La semana pasada leí unas declaraciones de Xisco Antich a propósito de otras previas de Matas en las que le invitaba o retaba, no recuerdo bien, a un debate televisivo. Si la trascripción fue correcta, Antich dijo que protagonizar un debate con Matas le hacía «mucha ilusión». La palabra ilusión es polisémica. Por una parte significa irrealidad, fantasía, sueño; por otra, es una expresión de deseo, de la motivación que la realización de algún objetivo puede crear en nuestro ánimo.

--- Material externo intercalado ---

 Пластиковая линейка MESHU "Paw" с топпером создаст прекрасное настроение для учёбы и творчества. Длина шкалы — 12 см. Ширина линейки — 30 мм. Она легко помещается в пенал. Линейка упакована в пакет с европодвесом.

También es una especie de cajón de sastre que permite obviar una vaciedad de argumentos o de propuestas. Recuerdo a Cristina Almeida, candidata a la Presidencia de Madrid, en campaña, prometiendo «mucha ilusión».

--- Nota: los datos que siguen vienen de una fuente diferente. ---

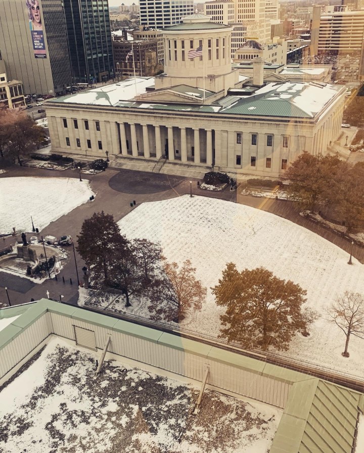 After getting off the highway with fifteen minutes to spare, the next issue was parking. By the House of Representatives office building, all the street parking was taken. The parking garage in the building next door: taken. Many minutes later, we found a spot; however, it was quite a large distance away from the office building I needed to be at. And so my mom and I exited the car and paid the parking meter and entered the cold tundra that is the streets of downtown Columbus. Narrow streets marked by skyscrapers created a wind tunnel that decreased the temperature into what seemed like negatives. We trudged as quickly as we could to the office building, passing the statehouse on our way there.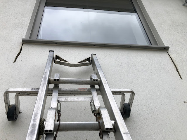 After removing the grime, we found several hairline cracks in the render. We decided to repair these to prevent any water penetrating in future.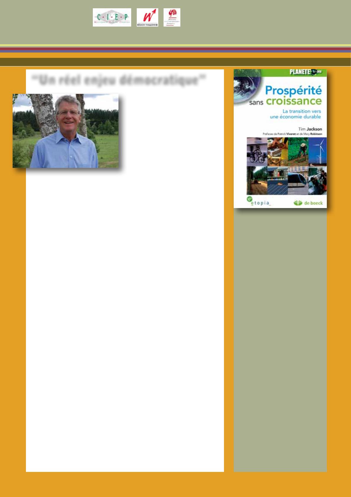 6 Jackson, T., “Prospérité sans croissance. La transition vers une économie durable”, coédition De Boeck - Etopia, 2010, 250p.

Un debate electoral me remite a aquellos ejércitos enemigos que antes que enfrentarse de forma devastadora, dirimían la guerra por medio del combate de dos de sus más escogidos guerreros. Minimizar daños. Por eso, aunque no es lo mismo, me parecen bien los debates. Debatir con un adversario, que supone menoscabarle a él y sobrevalorarme a mí, aparte de incomodarme, puede parecerme necesario, conveniente, clarificador, ¿pero hacerme ilusión? A mí me ilusionaría (fantasía, motivación), por ejemplo: desayunar siempre de melón dulce de Vilafranca, comer en El Bulli, pasar un verano en una cabaña solitaria en un fiordo noruego, dominar el inglés y el alemán para poder disfrutar plenamente de Emily Dickinson y de Rilke, tener un apartamento en París, cenar tête-à-tête con Naomi Watts, ver una puesta de sol en La Alhambra, vivir en una casa diseñada por John Pawson....¿Pero debatir con Matas? Pues no. Soy un raro.